MCP-only invocation — Claude Desktop / Claude Code / Cursor speak the protocol; the policycenter-mcp binary handles either stdio (local) or streamable HTTP (remote-ready) at :3030.
scripts/smoke-reach.ts is the dev verification path: hits the librarian's cataloged Cloud API endpoints with dev-tier OAuth creds (D-021) and confirms reachability before tools are bound.
Tool selection is itself a guard: carrier-vocab names mean an LLM picking by intent ("find submissions waiting on me") routes deterministically, instead of guessing API verbs.

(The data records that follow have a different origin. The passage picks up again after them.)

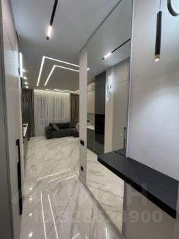 В прихожей предусмотрены удобный шкаф для хранения вещей, большое зеркало в пол, полка для мелочей.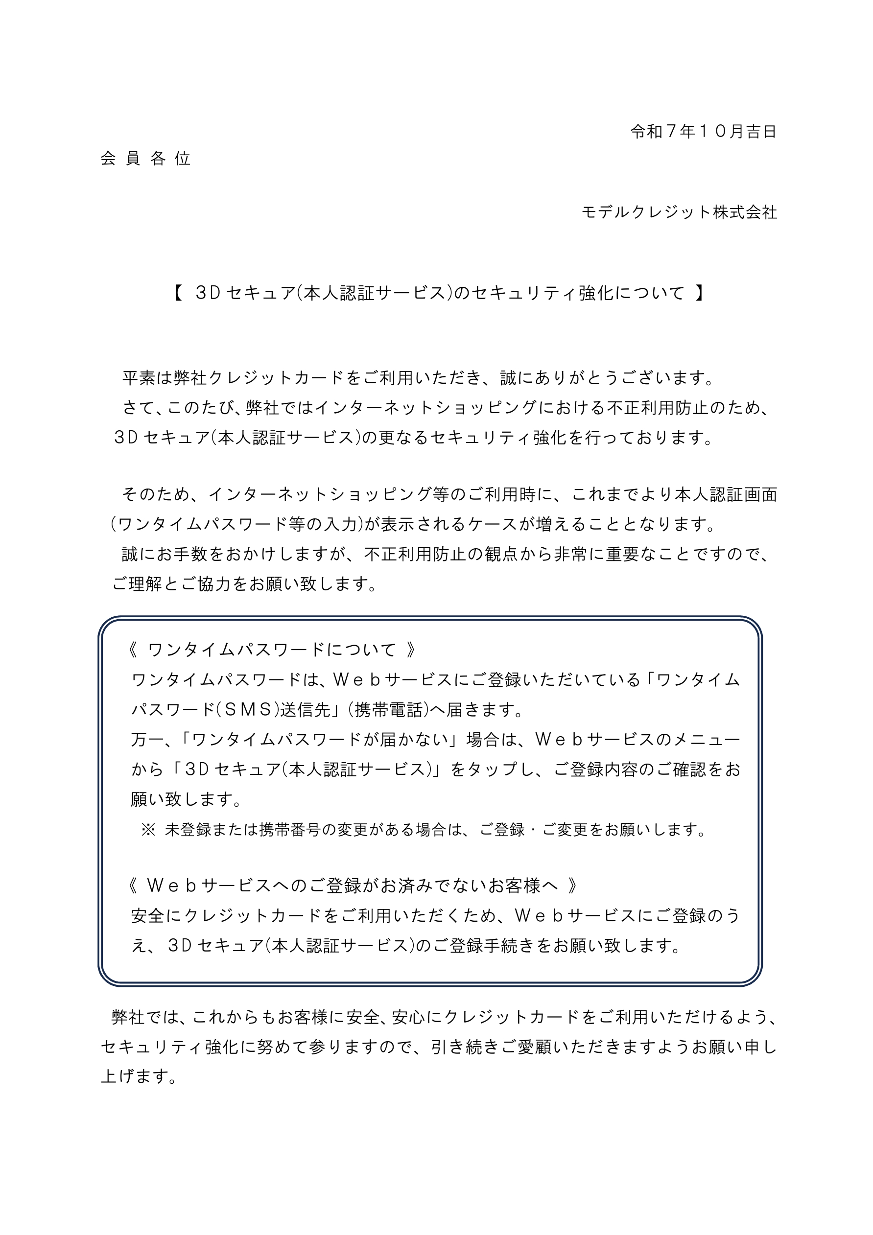 3Dセキュア(本人認証サービス)のセキュリティ強化について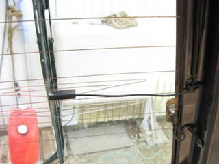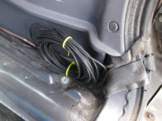リヤアンテナを貼り付け、配線を引きこむ。説明書に書かれている防水対策は手を抜いてしまいました。
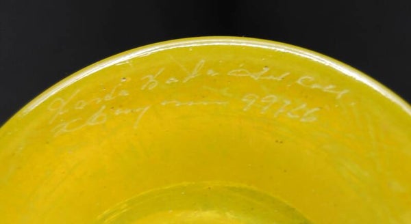 KOSTA BODA, KJELL ENGMAN. FOOTED CUP "HELIOPORA" IN YELLOW. SIGNED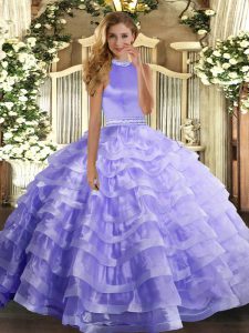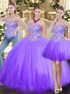Purple Ball Gowns Embroidery and Ruffles Quince Ball Gowns Lace Up Tulle Sleeveless Floor Length

External Guidewire surfaces (no mocks)

Guidewire Cloud API — PolicyCenter Job, Account, Policy, and Composite endpoints per the librarian knowledge base. Real tenant; real responses; tests/recordings/ captures hold provenance + MANIFEST.md.
Guidewire Hub OAuth — issuer for tenant-scoped access tokens consumed by auth. Refresh handled inside the SDK; no token leaves the process.
D-008 / D-021 enforcement: CI fails loudly if sandbox is unreachable. We never silently degrade to fixtures — that's how invented API shapes ship.
P1 librarian fix: GW-DBTransaction-ID is the wire header for Guidewire's server-side idempotency; never reuse the harness gwh1: cache key as the wire value.

Persistence + audit chain

Hash-chained, append-only. computeEntryHash() serializes canonically and links each entry to the previous; tampering breaks the chain on the next verifyChain() pass.
Role split per D-019: writer appends, reader reads, verifier re-hashes. The MCP server's connection string maps to writer; verifier runs as a separate compliance job.
Memory store is for tests + ephemeral demos. Production deployments mount a Postgres connection string at boot — no fallback.
tests/recordings/ is the persistence-of-truth for HTTP — provenance-stamped, never invented, scrubbed of PII before commit.

Planned (E3 · E6–E9)

E3 harness — library + CLI (NOT an MCP server, by design — recursive harness inside an MCP tool would break tool selection). Surface: plan / policy / approval / execute / audit / rollback; cache key prefix gwh1:.
E6 events-mcp — query-only against Guidewire App Events; webhook receiver + queue lives in a sibling worker, not the MCP server.
E7 claimcenter-mcp · E8 billingcenter-mcp + payments-mcp · E9 producer-mcp — same E1 foundation; payments split out for dual-control. Profiles select read_only / draft_only / approved_execute per tool.
Each future server lands behind: customer profile + harness gate + audit row + observability span. The CI architecture rules enforce this from E1 onward.

Decision references

D-008 — NO MOCKS rule. Real Guidewire Cloud endpoints from day one; CI fails loudly on sandbox unreachability instead of silently degrading to fixtures.
D-019 — Audit chain is tamper-resistant via three Postgres roles (writer / reader / verifier), not tamper-evident against a compromised harness DBA. Verifier is a separate compliance job.
D-020 — Profile schema is versioned. v1.0 = 9 YAMLs (MVP); v2.0 adds aggregation grouping (E2.5). Customer profiles pin a major version.
D-021 — Terminology fix: "sandbox" meant Guidewire-isolated tenant; what we actually need is dev-tier OAuth credentials + real Cloud API endpoints. First integration engagement brings their own tenant.
P1 — Librarian-audit fix on idempotency: the harness gwh1: cache key (replay short-circuit) is distinct from the Guidewire GW-DBTransaction-ID wire header (server-side fail-on-duplicate). Never reuse the same value across both.